Enasidenib come mantenimento dopo trapianto allogenico di cellule ematopoietiche per neoplasie mieloidi con mutazione IDH2

Le mutazioni IDH2 ( isocitrato deidrogenasi 2 ) si verificano in circa il 15% dei pazienti con leucemia mieloide acuta ( AML ).
L'inibitore IDH2 Enasidenib ( Idhifa ) è stato approvato per la leucemia mieloide acuta recidivante o refrattaria con mutazione IDH2.

È stato condotto uno studio multicentrico di fase I di mantenimento con Enasidenib dopo trapianto allogenico di cellule ematopoietiche ( HCT ) nei pazienti con neoplasie mieloidi mutate IDH2.

Due livelli di dose, 50 mg e 100 mg al giorno, sono stati studiati in un progetto di aumento della dose, con 10 pazienti aggiuntivi trattati alla dose raccomandata di fase 2 ( RP2D ). Enasidenib è iniziato tra i giorni 30 e 90 dopo trapianto HCT ed è continuato per dodici cicli di 28 giorni.

Sono stati arruolati 23 pazienti, di cui 19 hanno iniziato il mantenimento post-HCT. 2 avevano la sindrome mielodisplastica e 17 avevano leucemia mieloide acuta.
Tutti tranne 3 erano nella prima remissione completa.
Non sono state osservate tossicità dose-limitanti e il dosaggio RP2D è stato stabilito a 100 mg al giorno.

Le tossicità di grado 3 e superiore sono state rare, le più comuni sono state citopenie. 8 pazienti hanno interrotto il mantenimento prima del completamento dei 12 cicli, a causa di eventi avversi ( n=3 ), proseguimento del trattamento per la malattia del trapianto contro l'ospite ( GVHD ) ( n=2 ), scelta del medico ( n=1 ), recidiva ( n=1 ) e infezione da COVID ( n=1 ).
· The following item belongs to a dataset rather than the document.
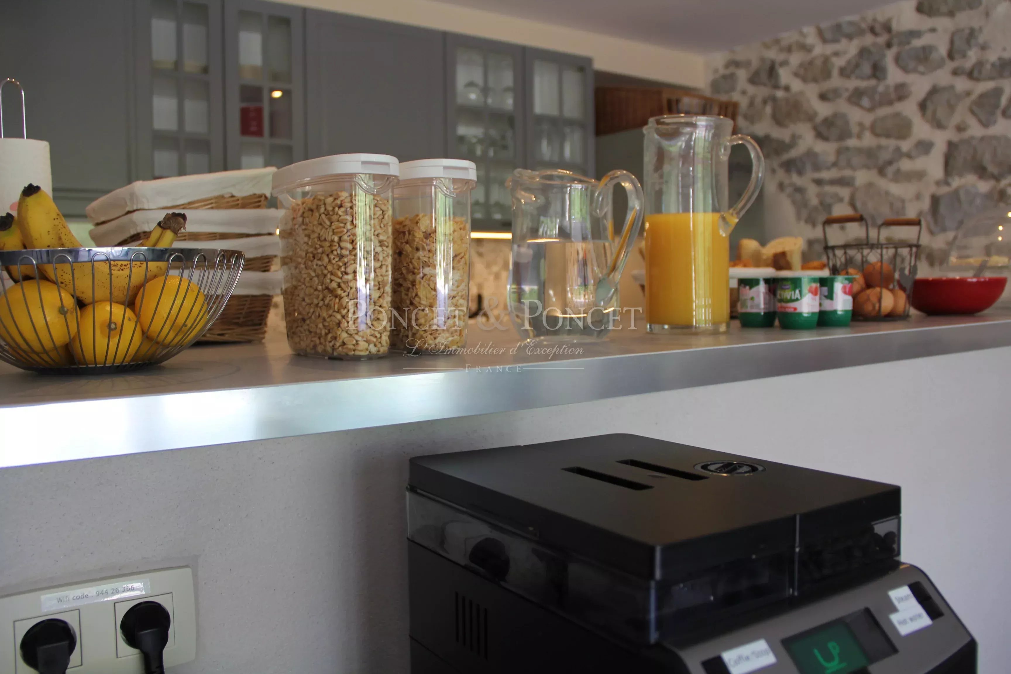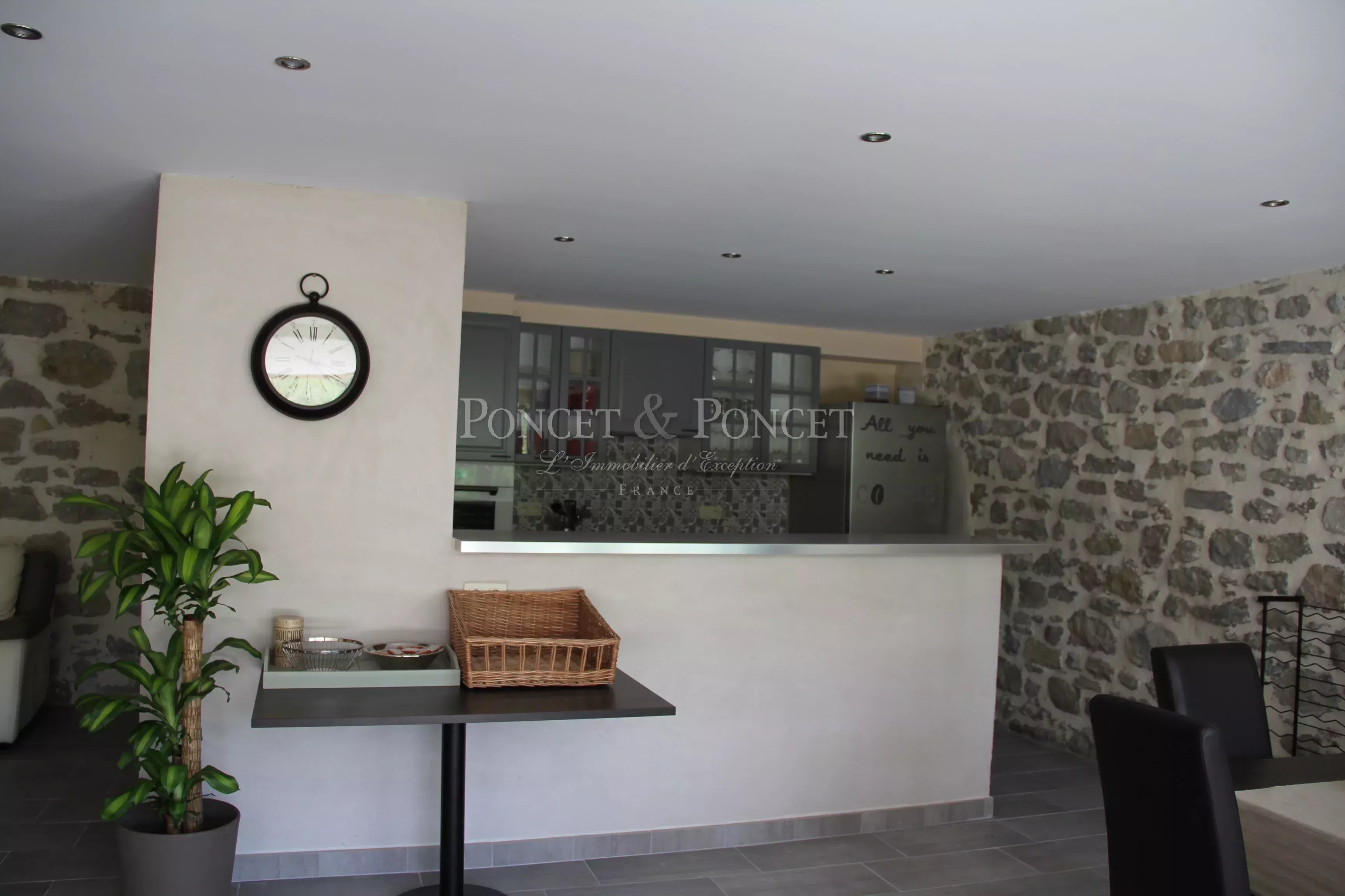 Une maison principale de 168 m2 avec pierres apparentes sur 2 niveaux, pouvant être portée à 305 m2 en y incorporant l’espace bureau, le studio et 1 appartement (pouvant communiquer)

Non sono stati osservati casi di malattia del trapianto contro l'ospite acuta di grado 3 o superiore e l'incidenza cumulativa a 12 mesi di malattia del trapianto contro l'ospite cronica moderata / grave è stata del 42%.

L'incidenza cumulativa di recidiva è stata del 16%; 1 soggetto ha avuto una recidiva mentre riceveva il mantenimento.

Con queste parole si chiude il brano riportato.